China’s local government debt burden may be 3.5 trillion yuan ($540 billion) larger than auditors estimated, putting banks on the hook for deeper losses that could threaten their credit ratings.
Addressing the estimate by China’s state auditor that its local governments have chalked up 10.7 trillion yuan of debt, Moody’s said it found more potential loans after accounting for discrepencies in figures given by various Chinese authorities.
“The potential scale of the problem loans at Chinese banks may be closer to its stress case than its base case,” Moody’s said in a statement.
In view of that, the non-performing loan ratio for Chinese banks could be as high as 8-12 percent, compared with 5-8 percent in the base case and 10-18 percent in the stress case.
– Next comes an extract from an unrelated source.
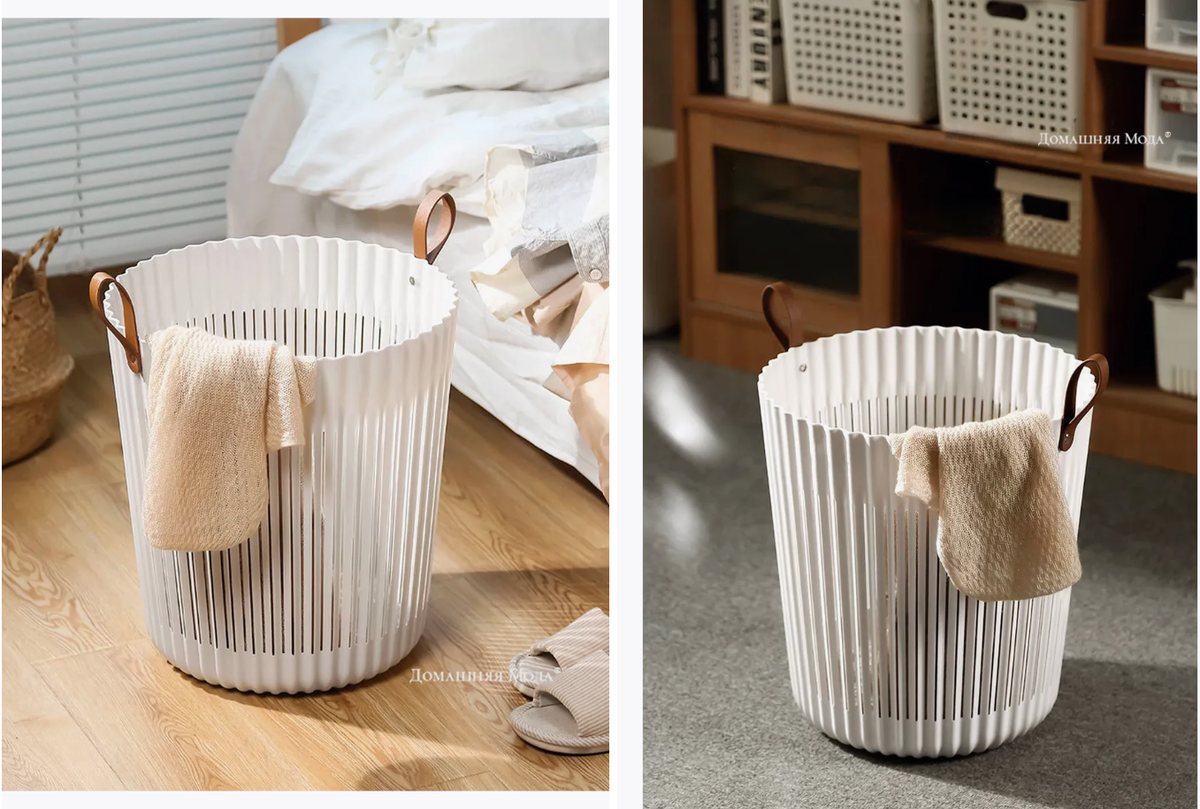 Вот она, корзина, которая не прячется в углу ванной, а становится стильным элементом интерьера! Эта корзина — настоящее чудо. Она сделана из ударопрочного пластика, имеет приятную матовую текстуру и выглядит очень современно. А ручки из экокожи — это вообще отдельная песня, тактильно очень приятно и удобно.

Unless China comes up with a “clear master plan” to clean up its pile of local government debt, the credit outlook for Chinese banks could turn negative, the ratings agency said.
In a bid to assuage investor worries about the potential souring of its massive local government debt, different Chinese authorities including the state auditor, the bank regulator and the central bank have tried to assess the situation.
But all three agencies have used different definitions and accounting methods to review the debt, resulting in a hodgepodge of official forecasts.
Moody’s said it derived the additional 3.5 trillion yuan of debt after comparing the estimates of China’s state auditor with that of the bank regulator’s.
The ratings agency said the Chinese state auditor likely omitted the 3.5 trillion yuan of debt from its assessment because they were not considered as real claims on local governments.
Moody’s said it expects Beijing to “implement gradual discipline” over the stock of government debt, and that would involve the Chinese government leaving banks to manage a part of the problem loans on their own.